Cross-browser and cross-device testing are not cost efficient. On the client side, 99 percent of the bugs are not client-specific, he says.
“We argue that you can write a single test that covers these edge cases, run this test on 20 devices, but you have 1,000 other tests you need to run without all this overhead. There’s no point in running all these tests 20 times. You can do things in a much smarter way, save a lot of money and get much more out of them.”
The company also has assumed leadership with Selenium IDE, an open source tool to record and playback test automation for the web. It originally was a browser extension in Firefox, but the APIs were no longer supported.
It enables QA engineers who cannot code to write and maintain automated tests.
The new Selenium IDE is designed as a modern browser extension with support for Chrome and Firefox, with support for other browers in the works. The company has created an integration between the IDE and Applitools Eyes, its AI-powered visual testing and monitoring solution.
“We took Selenium IDE and rewrote it from scratch. Now it’s a powerful, modern tool. It can play back those tests from your continuous integration servers, and we’ve added an extension that allows you to record visual tests,” Carmi said.
In 2012, Carmi was running a R&D organization at an Israeli-based security company.
“We white-labeled the UI for several brands and localized it in six different languages. We had a white label for Fujitsu. These guys were so strict about the UI. In 2012, the UI was not so important then. But these guys were meticulous — the letter is a pixel to the side, the color is not exactly the proper shade, titles in Japanese, of course, are different… We were just unable to meet their quality demands,” he said. “It would take us an entire week to test everything and still we would have UI issues.”
He started searching for a tool with vendors such as IBM, Microsoft, HP, to no avail. Functional testing, yes; visual testing, no. So he started building one himself. He found it incredibly difficult.
“It took me eight months to get something that was barely working. Moshe [Milman], my co-founder, loved it and we founded the company in 2013,” he said.
“By the time we got a very solid tool, the world transformed … and suddenly the UI was the most important piece of every application.”
The company now is based in San Mateo, California, with R&D offices in Tel Aviv. Its customers include Sony, Mastercard, Salesforce, Gannett and the Israeli government, which is constantly under attack from hackers trying to deface its websites, he said.
There are about 30 open source projects for visual testing such as PhantomCSS, Huxley, Wraith, Shoov, Gemini. Commercial offerings include the likes of Screener.io and Percy.io. Carmi considers them all toys, without the maturity or functionality of Applitools.
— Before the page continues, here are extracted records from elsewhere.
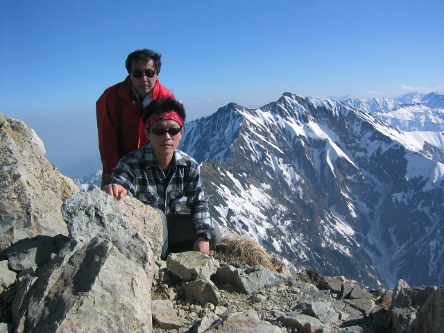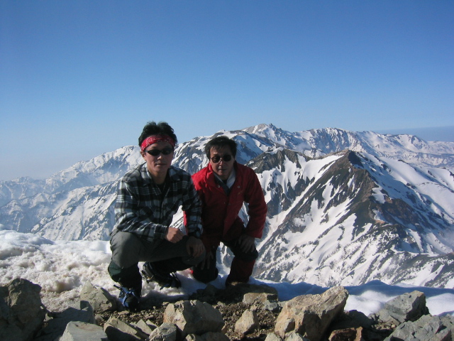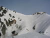 ピーク直下の20mくらいの雪壁。雪は腐っていてそう難しくはないが、慎重に通過してピークに立つ。
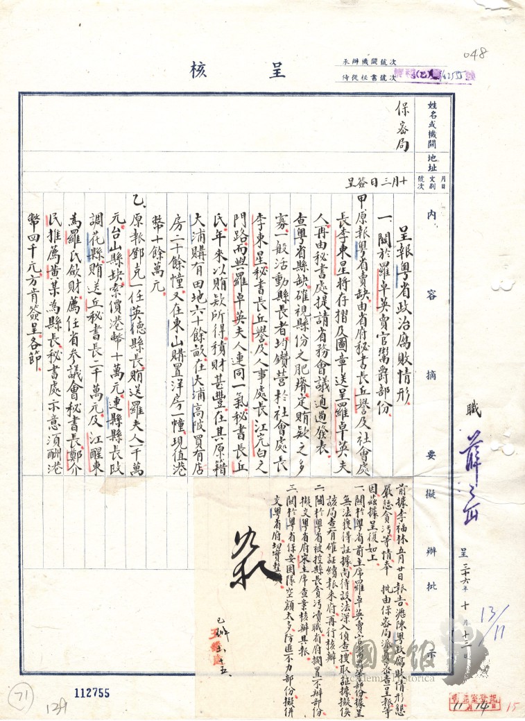 保密局呈蔣中正粵省政治腐敗情形羅卓英賣官鬻爵營商牟利及侵奪職權袒護不法僚屬等文電日報表
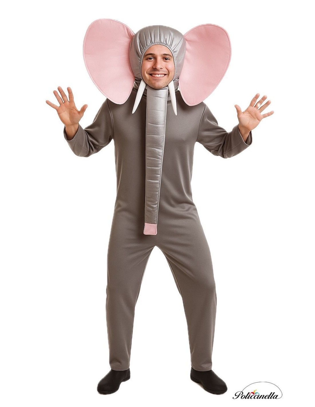 Süßes und originelles Elefantenkostüm: Bestehend aus einem Ganzkörperanzug aus weichem, halbelastischem Material, mit verstecktem Reißverschluss vorne für mehr Komfort. Die Kapuze verfügt über formstabile, voluminöse Schaumstoffohren. Am Hals werden die Stoßzähne und der Rüssel mit Klettverschlüssen befestigt, beide sind gefüllt für eine strukturierte und realistische Optik. Der Rüssel aus Satin passt zu den Ohren, während die Stoßzähne aus weißem Kunststoff einen attraktiven Lackeffekt haben.

Applitools, he said, for instance, can ignore changes in spacing when the content didn’t change. You can ask the tool not show you a header change that will pop up on every test across different environments. It can handle recurring patterns, say a retail site that one day features seven products, but the next day only four. If there’s an ad that’s constantly changing, you can mask it so it will be ignored. If something is moving, you can designate a floating region in which that movement is OK.
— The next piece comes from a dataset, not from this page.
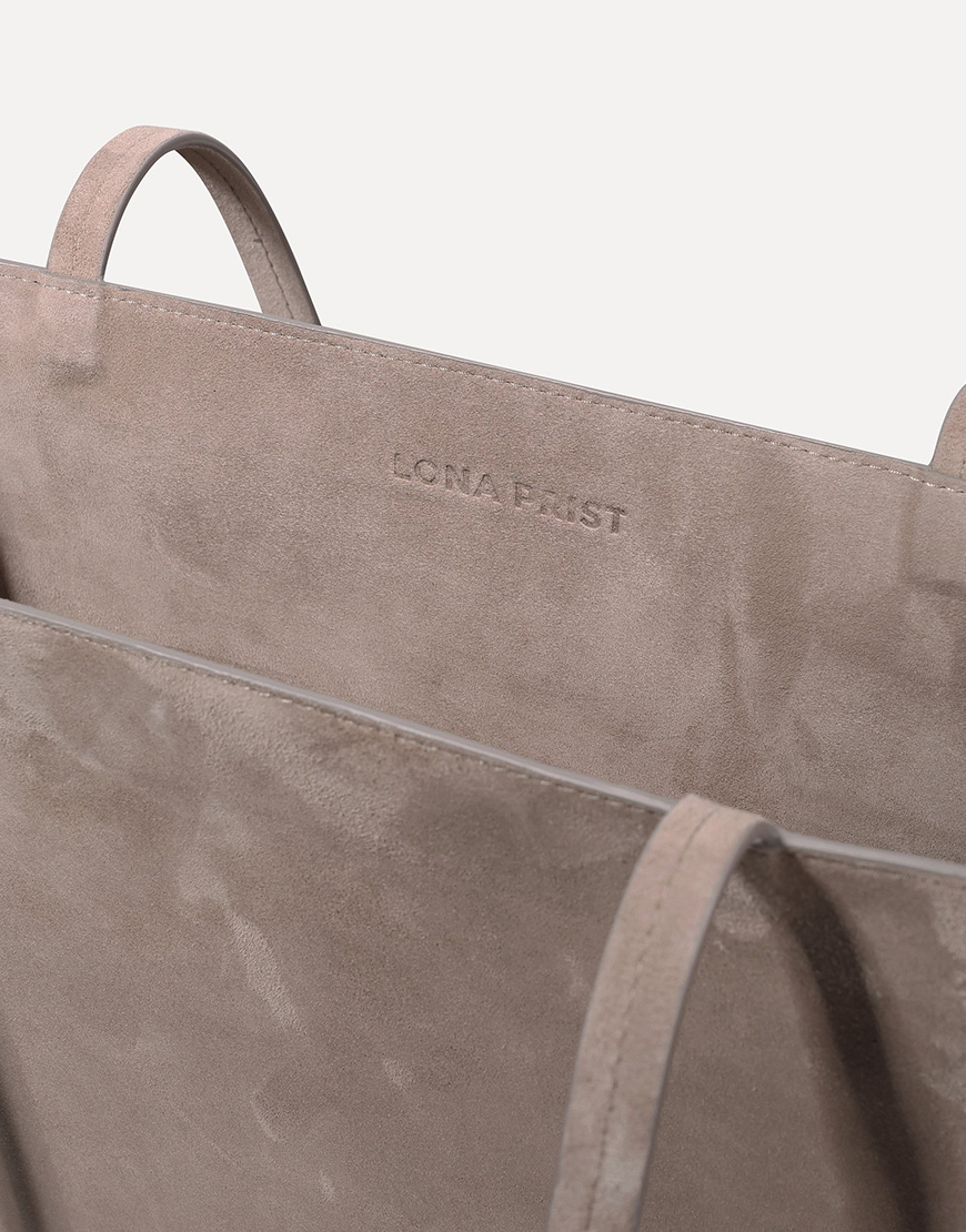 Доставка впродовж 5-7 робочих днівTote bag із натуральної замші, з замшевою підкладкою, срібною фурнітурою та магнітною застібкою.
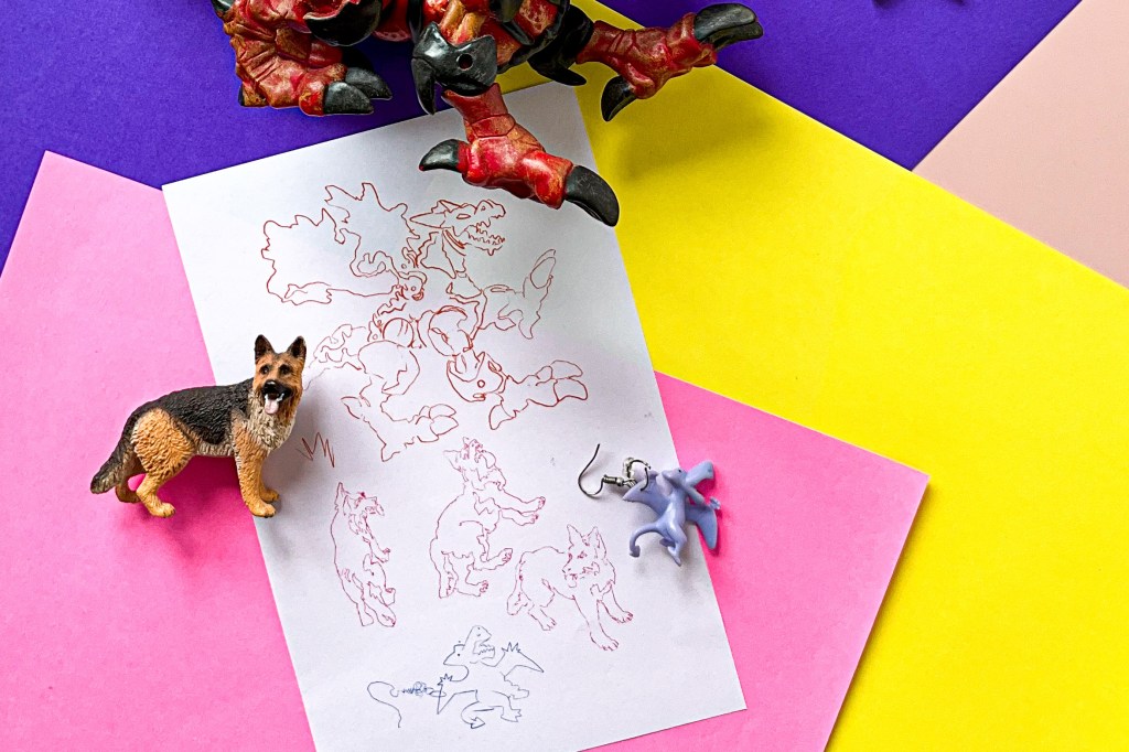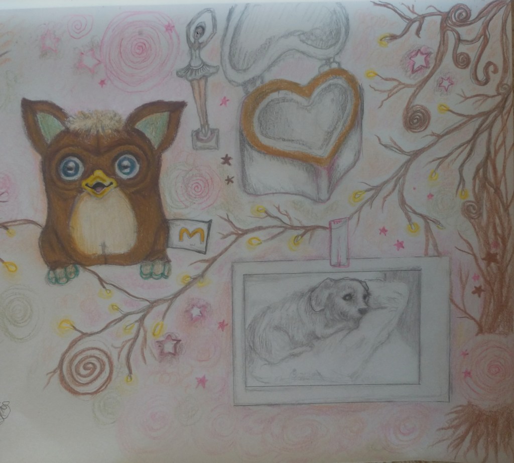 objetos escolhidos: pelúcia cachorro cabeçudo, lagarta littlest pet shop, embalagem de um finado tamagochi.

“Similar to the open tools, [the commercial offerings] are a little bit better, but they have nothing around AI for maintenance, dynamic data in layout, cross-device, cross-browser testing, support for different SDKs. We support over 40 SDKs, all the main test technologies for web and mobile. If you want to test PDFs, we support that. If you have a set-top box or IoT device that can’t be tested in a standard way, if you get a screenshot, we can validate it,” he said.
In addition to using to monitor a website, localization, and security, as in the Israeli government example, it also can be used for root cause analysis. It doesn’t just show the changes, but what in the implementation of the page caused those changes, he said.